How The Pardon System Works―And Why

by Kim Wehle

Pub Date: Sept. 2nd, 2024
ISBN: 9781954907508
Publisher: Woodhall Press

Wehle delivers a critique of the unchecked presidential power to pardon.

The author astutely observes that when the presidential power to pardon was ratified in 1788 (enshrined in Article II of the United States Constitution), it granted more power to the executive branch than was currently wielded by King George III. While generally unchallenged, the power is a peculiar one when understood within the context of a constitutional republic characterized by governmental limitations and checks and balances—Wehle describes it as “a gaping level of unconstrained power.” Of course, there were reasons for this remarkable endowment of prerogative; it allows for the expression of mercy and the granting of amnesty, and the ability to “to address fragile political situations that traditional diplomacy or the rule of law cannot outpace” can be politically expedient.
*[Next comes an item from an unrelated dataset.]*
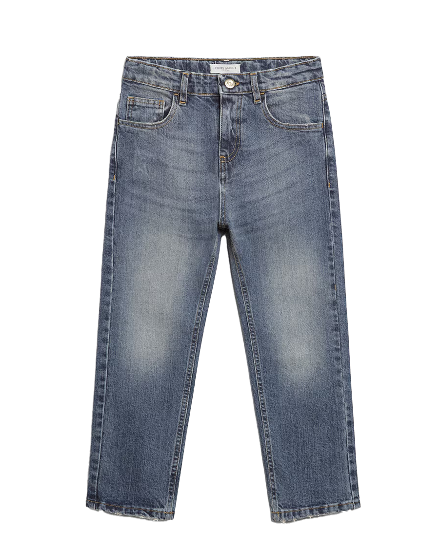 These medium-wash denim jeans feature a regular fit, stretch fabric and a slightly wide leg. The five pockets add
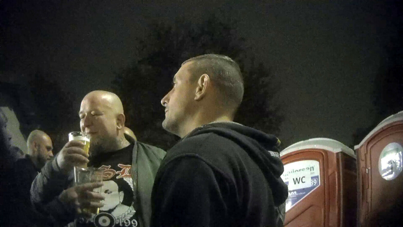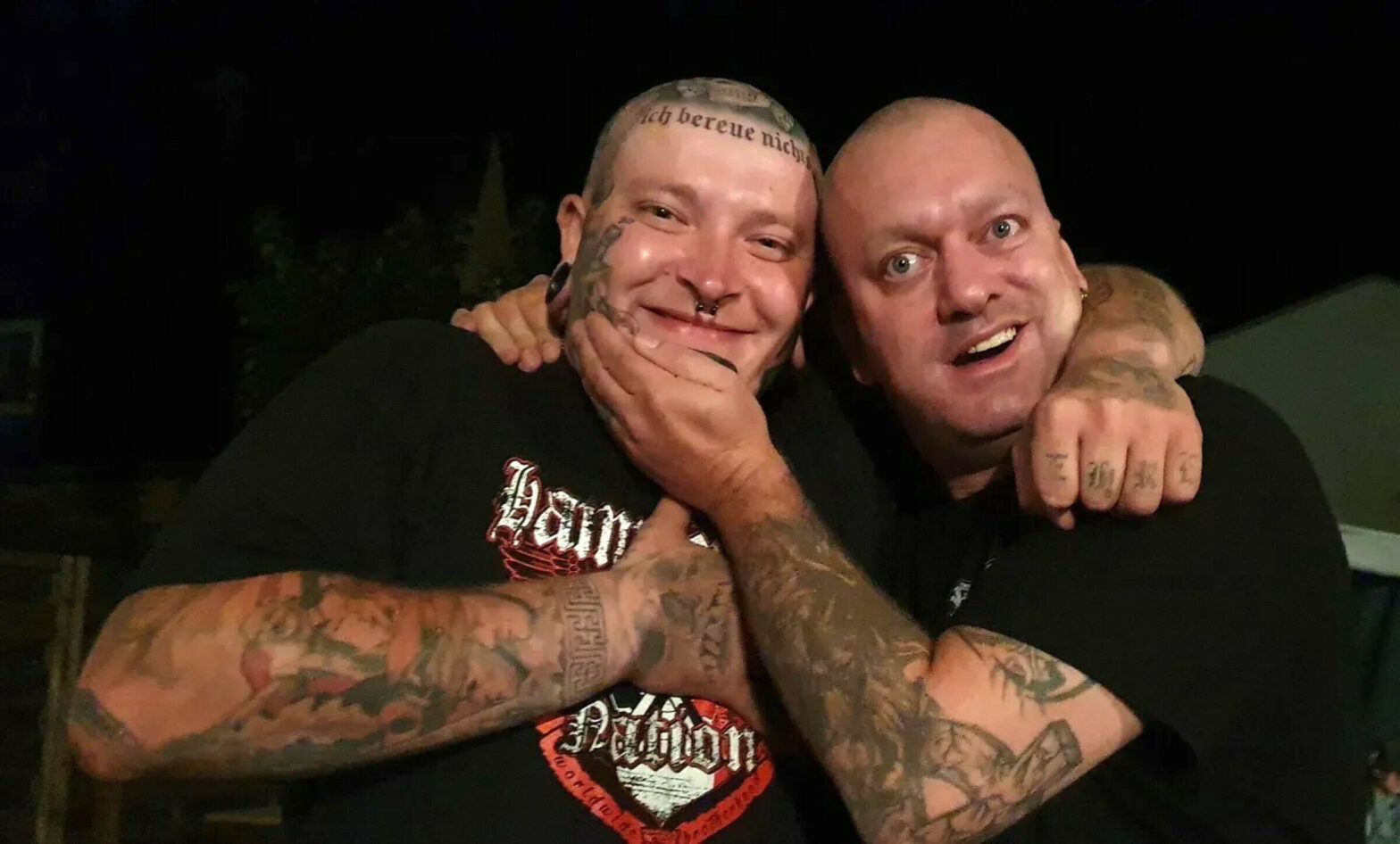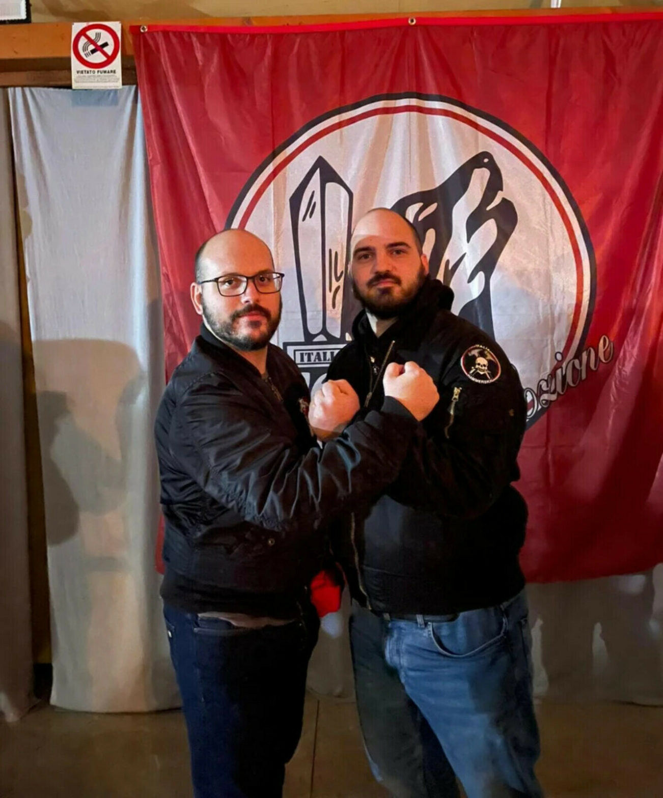 Der französische Hammerskin Gregoire Chappaz (rechts) auf dem „Hammerfest“ 2025 in Italien – Bildrechte: Exif-Recherche

However, Wehle convincingly argues that the “enormous risks of abuse” outweigh the potential benefits, asserting that such a mandate naively assumes a “fairness and integrity” with respect to the one who exercises it. In this intellectually challenging study, the author traces the complex history of the pardon power—as exercised by kings, parliaments, and clergy—and diligently charts its excesses. She recognizes the great hurdles to reforming it, chiefly the need for a constitutional amendment. There are ways to curb its abuse, she avers, including making pardon power subject to increased transparency and constraining the lobbying for pardons from presidents. Wehle’s prose is impressively lucid and accessible, particularly welcome virtues given the technical nature of the subject matter; none of her arguments presuppose that readers have specialized backgrounds in either law or American history, though either would be helpful. At the very least, she poses a provocative challenge to what is often seen as an “unlimited and sacrosanct” convention and manages to “reveal that the pardon power deserves attention and cannot be whisked atop a pedestal on the blithe assumption that the Constitution (for presidents, at least) unequivocally says this power is acceptable.”

A thoughtful and painstaking work of legal scholarship.